As for presidential candidate Mitt Romney and his running mate, Congressman Paul Ryan, Biden said he doesn't doubt they are patriotic Americans, but does question their approach to issues like veterans' health care.
"Their priorities are that we give a tax cut to the wealthiest 1 percent," he said. "But they want to cut benefits to the point-seven-five percent of us that have served in Iraq and Afghanistan."
Biden said Ryan's proposed budget that has brought him both support and criticism would cut Department of Veterans Affairs spending by about $11.1 billion, 85 percent of which would be for health care expenses, while extending Bush-era tax cuts enacted after the nation went to war. He also criticized Romney's proposal last year that veterans could receive vouchers for health care, as opposed to the government providing it.
Biden said the latter proposal amounts to privatizing the VA and giving veterans a coupon and saying "go find your own" care.
"That's not what it means to be in the U.S. (military). That's not how we treat those that serve," he said.
In a statement emailed to The Marietta Times Wednesday evening, the Romney campaign fired back on the president's record.

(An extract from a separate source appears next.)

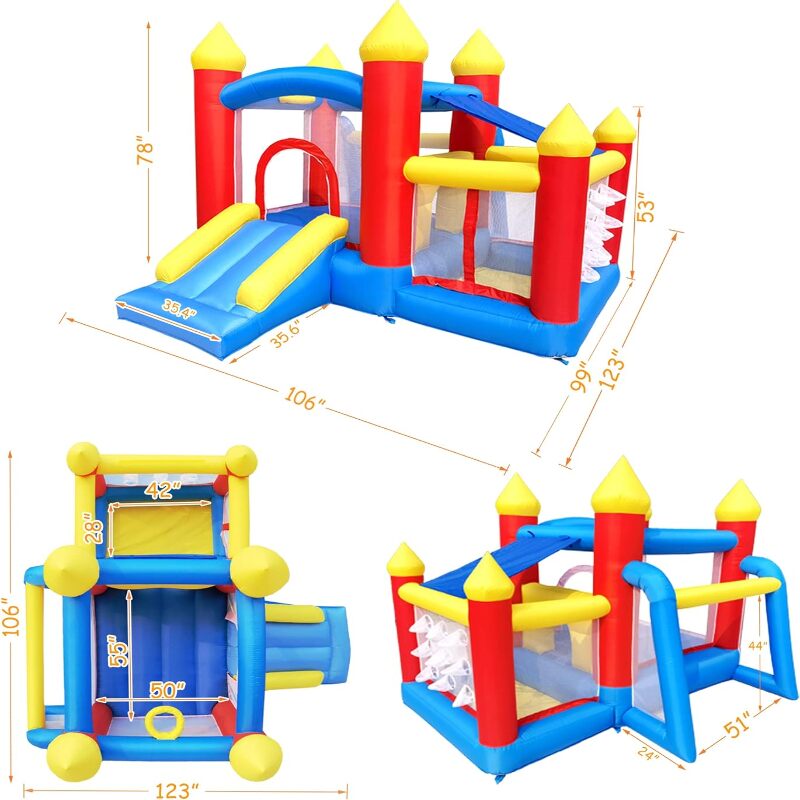 A surprise for children: This inflatable bounce house is perfect for birthday gifts, Christmas gifts, etc. It will give children cheer while promoting them to grow a healthy physique.

"On President Obama's watch, hundreds of thousands of veterans are out of work, backlogged disability claims have more than quadrupled and proposed budget cuts could cause them to pay more for health care and could drive more veterans to the unemployment lines," said Franklin County Auditor Clarence Mingo, a Romney campaign co-chair in Ohio. "Mitt Romney, on the other hand, will work to restore faith with our veterans by putting them back to work, reforming the VA system and ensuring that world-class VA health care is available to all veterans who need it."
Romney's website, www.mittromney.com/, denies he wants to privatize the VA, claiming Obama proposed it in 2009.

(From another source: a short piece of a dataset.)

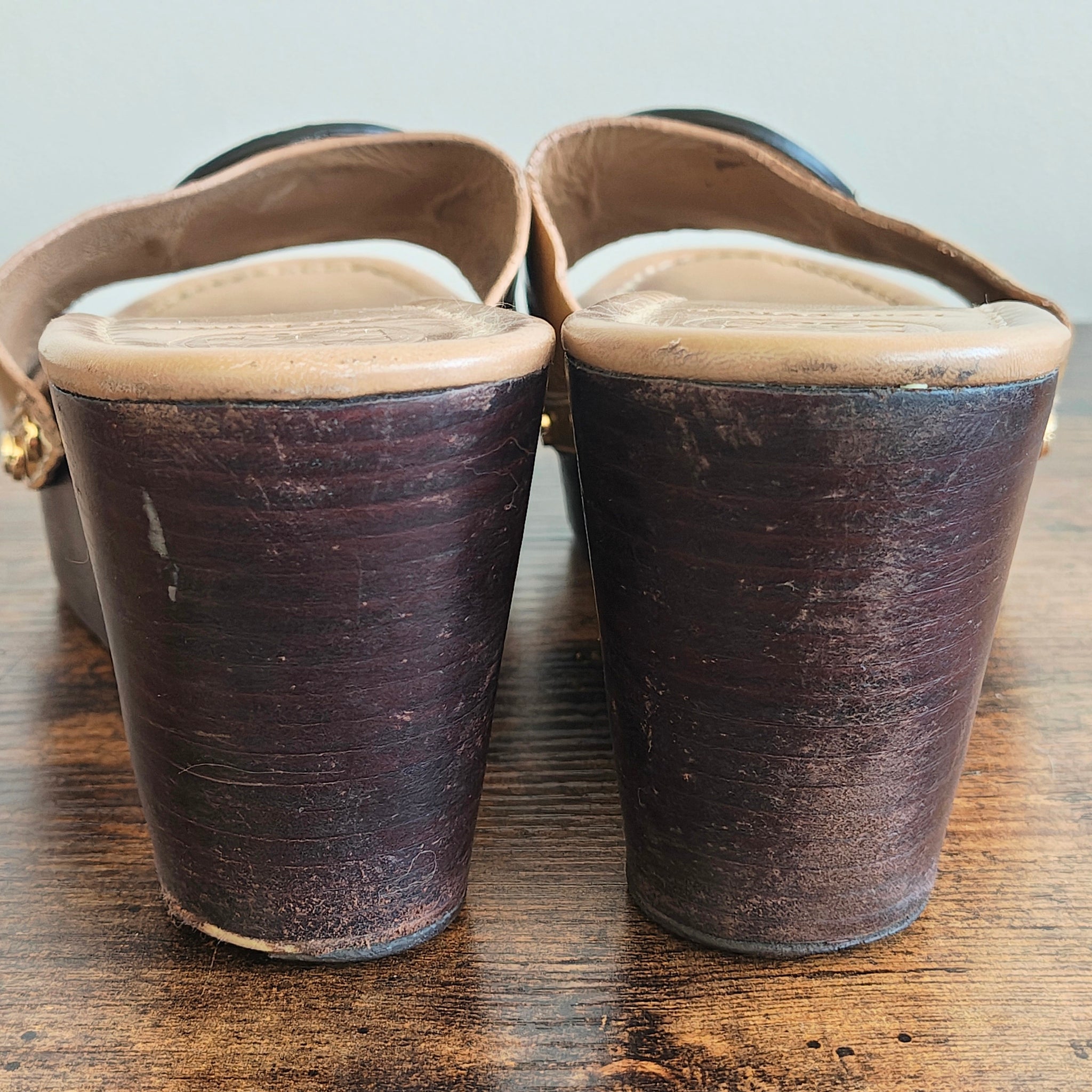 Features: Iconic Tory Burch double-T logo embellishment and gold-tone studded detailing around the platform

Romney "will instead focus his efforts on making the VA work better for veterans, cleaning up an entrenched bureaucracy, rewarding positive results and holding failed leaders accountable," the site says. "Our returning warriors deserve no less than top quality care, provided in a timely and efficient manner."

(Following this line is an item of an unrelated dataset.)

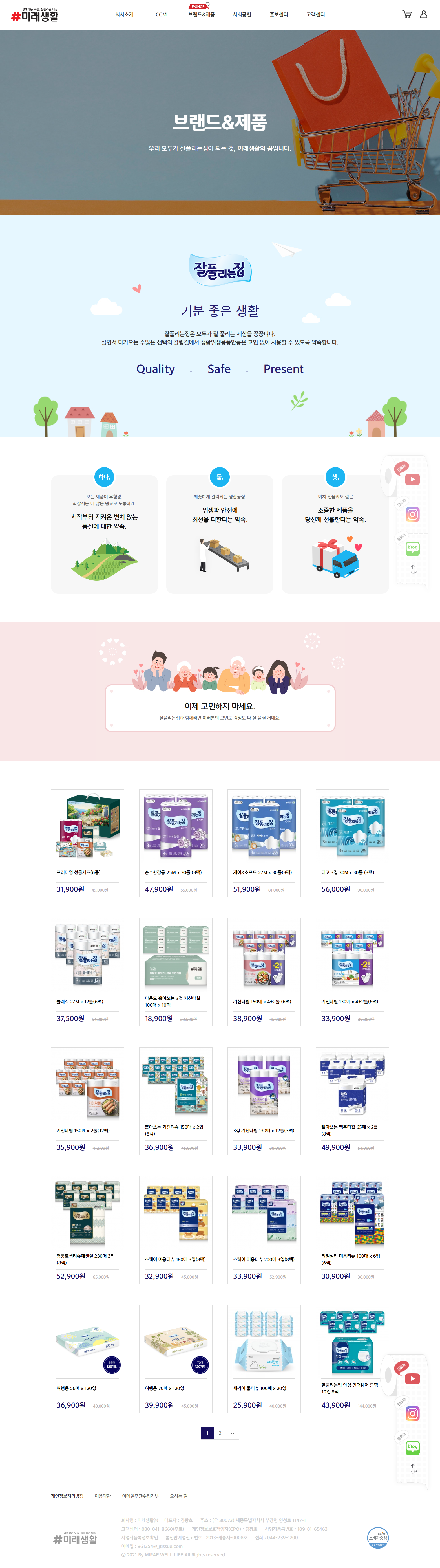 미래생활㈜는 종합위생용품 전문 제조기업으로, 15년 스테디셀러 화장지 브랜드 '잘풀리는집'을 필두로 친환경 화장지 '나무야나무야', 천연흡수체 여성위생용품 '헤이즈', 프리미엄 아기 물티슈 '네이즈', 편안함과 스타일을 더한 '르웨이'의 5개 브랜드를 운영하고 있습니다. 제조사 직영 쇼핑몰 특성상 5개 브랜드의 제품 탐색·구매 동선과 회사의 CCM(소비자중심경영) 인증·CSR 활동·제조 역량을 하나의 플랫폼에서 통합 제공해야 했으며, 콘텐츠 마케팅 채널 역할도 함께 수행해야 하였습니다. 브랜드별 독립 쇼핑 섹션과 CCM·사회공헌·홍보센터·생활백서 콘텐츠를 통합한 종합 브랜드 쇼핑몰을 구축하였습니다.

The site also says Ryan's budget does not cut veterans benefits, but met the White House's request for veteran spending and increased it over a 10-year period.
It also criticizes Obama for making military cuts while growing other parts of the federal government.
"In a Romney-Ryan Administration, our troops and our veterans will come first," it says.
Marietta Mayor Joe Matthews, a U.S. Marine Corps veteran, spoke after Diamond and Biden, seizing on Romney's much-talked-about comment that 47 percent of Americans don't pay taxes, seeing themselves as victims and depending on government handouts. Critics have noted some of those who don't pay taxes include veterans.
"I don't believe for one second that government resources make veterans victims or some kind of freeloaders," Matthews said.
Belpre resident Larry Block, 62, a Vietnam veteran, showed Biden the autograph Joe Biden signed on his hat when he spoke in front of the armory on Front Street in 2008. He said he agreed 100 percent with what Beau Biden spoke about and said he doesn't believe Romney would take care of the nation's veterans.
While Romney's campaign says he would reverse cuts Obama has made to defense spending, Block said Obama's hand was forced by a Republican-controlled House and he believes more problems were caused by reductions that predate the Obama administration.
"You can't treat your veterans like this and expect your country to survive, because it won't," he said.
Biden's visit came as both Obama and Romney campaigned in Ohio, one of the key swing states in the Nov. 6 election. Washington County Democratic Party Chairwoman Molly Varner said she appreciated his presence and was still optimistic Obama himself might stop in southeast Ohio in the near future.
"I will not give up hope of seeing President Obama until the seventh of November," she laughed.
In August, Romney spoke at a rally at a coal mine in Beallsville.